Gute Zocker gegen böse Spekulanten
Kleinaktionäre kaufen Aktien, treiben Kurse hoch, nehmen Hedgefonds aus und werden als Helden gefeiert. Die US-Börsenaufsicht SEC ist deswegen bereits hellhörig geworden.
Wien. Ja, dürfen’s denn das? Die Freude auf sozialen Medien über Kleinanleger, die sich auf Plattformen wie im Reddit-Forum Wallstreetbets verabreden, um Aktienkurse hochzutreiben und Hedgefonds, die auf fallende Kurse wetten, auf dem falschen Fuß zu erwischen, hält an. Nicht nur der Kurs des maroden Videospiele-Händlers GameStop wurde auf diese Weise in lichte Höhen getrieben, auch jener der Kinokette AMC oder der von Blackberry.
Handel teilweise eingeschränkt
Die US-Börsenaufsicht SEC ist hellhörig geworden: Man habe das Treiben um die GameStop-Aktie im Blick. Der frühere SEC-Ermittler Jacob Frenkel forderte ein Einschreiten der Behörde. Eine Option sei, den Handel mit der Aktie für zehn Tage auszusetzen.
Einige Handelsplattformen sind bereits selbst aktiv geworden und haben den Handel mit GameStop, AMC und Co. zeitweise eingeschränkt, „um die Kunden vor unerwünschten Orderausführungen zu schützen“, wie etwa Degiro mitteilte. Die US-Plattform Robinhood schränkte den Handel am Donnerstag ebenfalls ein, was die Kurse der betroffenen Aktien ins Wanken brachte.
Für die GameStop-Aktie, die zu Jahresbeginn 17 Dollar gekostet hatte, musste man im Tagesverlauf über 400 Dollar hinlegen, bevor der Kurs dramatisch nachgab. Einige Hedgefonds, etwa Melvin Capital oder Citron, sollen den Ausstieg bereits geschafft haben, wenn auch zu hohen Verlusten.

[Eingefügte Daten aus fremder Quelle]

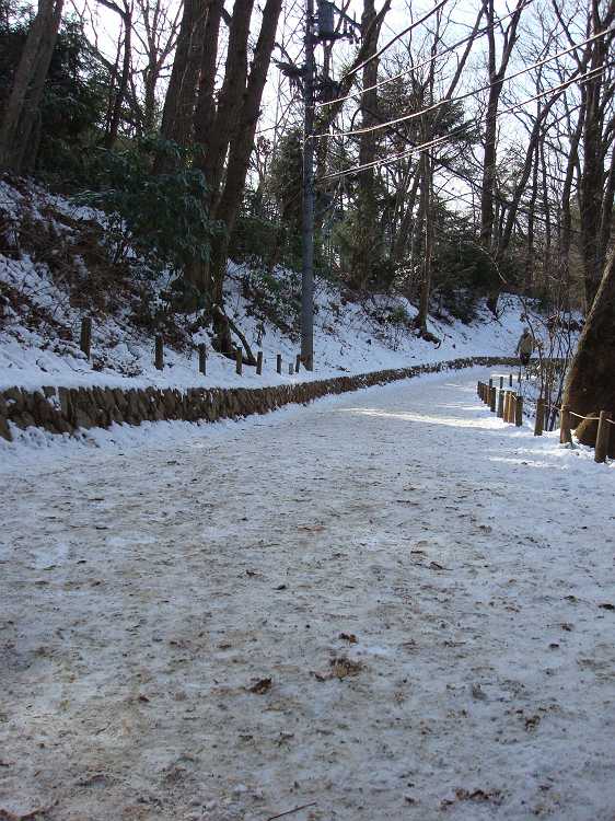 薬王院を越えて進みますと、雪。

Leerverkäufer haben an der Börse oft einen schlechten Ruf, weil sie auf fallende Kurse setzen. Sie verkaufen Aktien, die sie sich nur ausgeliehen hatten, mit dem Ziel, sie später zu einem billigeren Preis zu kaufen und zurückzugeben. Bei GameStop oder AMC ging die Spekulation schief, weil die
Kurse nicht gefallen sind, sondern sich wegen der konzertierten Aktion der Kleinanleger vervielfacht haben.

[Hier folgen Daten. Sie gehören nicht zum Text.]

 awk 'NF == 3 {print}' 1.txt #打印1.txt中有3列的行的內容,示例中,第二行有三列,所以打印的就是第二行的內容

Doch nicht alle Hedgefonds setzen auf fallende Kurse. Einer der größten Profiteure der GameStop-Kursexplosion ist Scion Capital, dessen Gründer Michael Burry durch den Film „The Big Short“berühmt wurde. Laut dem „Business Insider“hatte Scion in GameStop-Aktien investiert. Michael Burry findet den Anstieg aber mittlerweile unvernünftig.

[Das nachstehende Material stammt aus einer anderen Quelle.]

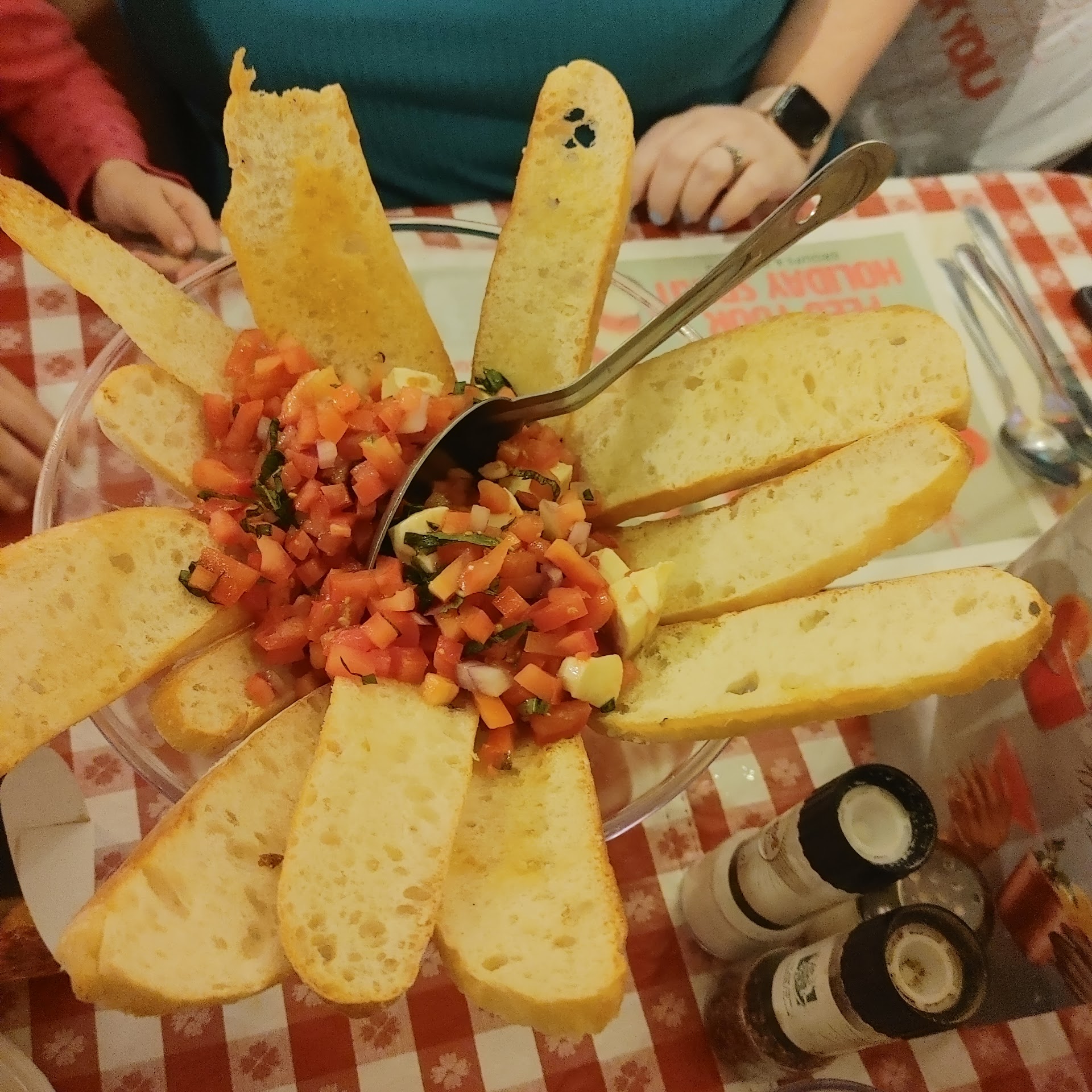 I ordered carry-out & I was unbelievably disappointed. I've always ate inside & everything was great. We spent $89.00 for 2 people b/c they're so greedy & make you order their giant size $22 chopped antipasti salad instead of a individual size. Very disappointed b/c the next day the salad was awful, soggy, & bad... just that fast. I didn't even get to eat any of the salad. I ordered their personal size entrée, baked ziti & I ordered extra sauce & extra ricotta. It did not have either on it. I know this b/c I've ordered it before. They charged me extra & gave me less than normal. I ordered spaghetti & Meatballs personal entrée, meatball was great, but also ordered extra sauce & got regular than normal as well. I ordered their new garlic bread with the cheeses & it alone was $13.50 & over garlicky (I LOVE garlic) way too much, no cheeses, not parm not any. I ordered their $12.50 chocolate chip cannolis, ugh nothing about them was sweet except the chocolate syrup they gave on the side. The cannolis shells were tasteless & the cream on the inside was gritty & unflavored. I do NOT understand what the deal was, but if they don't make it right I will NEVER be back. I was very upset to the fact everything new or sounded good, you had to order in family size pans. Why? That's ridiculous b/c there is only 2 of us & even if we had more to feed? Not everyone LIKES the same thing. I haven't spent this much on any orders any where else unless it's steak dinners or I ordered way more food. The way you have to order is a huge disappointment. I do NOT know why we cannot order the chopped antipasti salad as a side with our entrée or even just one as an entrée type? The robot (guy taking my order) on the phone said I could NOT!! Everything I asked he said no, no, no!!! So I have to order a huge salad that is normally for 4/6 people when I only am feeding 2? It didn't save well. B/c I love the salad from there I went ahead & ordered the huge salad in anticipation id be able to eat on it the next day. Nope!! The online menu is ridiculous & I'm debating if I'd ever order carry-out or eat inside even, b/c their ridiculous menu & how you can only get food for huge families. It made me think its all Pre-made way before b/c the robot on the phone stated "it's the way we prepare our food & we cannot just scoope food from every tray" hmm... really? I understand some food is Pre-made, but that much food? Or how about the chopped antipasti salad??? That should be fresh & made as the day goes, but maybe that is why my salad didn't last over night??? I want real answers & not ones that make absolutely no sense. They need to get a better employee who cares to answer the phone to take orders or ANSWER QUESTIONS, b/c he's rude, unsympathetic & acted like when I called twice to ask questions about their sams club menu. (Everything in...

Die aktivistischen Kleinanleger sehen das anders. Für sie verkörpern die Hedgefonds die Mächtigen an der Börse, denen man nun den Kampf angesagt hat. Bisher seien es immer die Reichen an der Wall Street gewesen, die die Börsen manipuliert hätten, nun würden es die Armen den Reichen zeigen, hieß es auf Twitter.
Einige Trader fühlen sich tatsächlich wie Robin Hood. Einer soll an die Angestellten einer GameStop-Filiale Geld verteilt haben, um sie an seinem Gewinn teilhaben zu lassen, berichtet Bloomberg. In sozialen Medien bedanken sich Menschen, die mit GameStop-Aktien Gewinne erzielt haben. Er habe seine letzten 40 Dollar investiert, dank der Tipps der Reddit-Nutzer daraus 200 Dollar gemacht und schon lang nicht mehr so viel und so gut gegessen, freute sich ein User.
Falsche Aktie gekauft
Kritiker warnen, dass sich viele Kleinanleger, die jetzt noch auf diesen Zug aufspringen wollen, die Finger verbrennen werden. Wenn die Leerverkäufer ihre Positionen geschlossen haben, könnten die Aktienkurse einbrechen.
Einige Trader kaufen indes die falsche Aktie: So ist der Aktienkurs des australischen Nickelproduzenten GME Resources durch die Decke gegangen, berichtet Reuters. Denn GameStop hat an der Börse ebenfalls das Kürzel „GME“.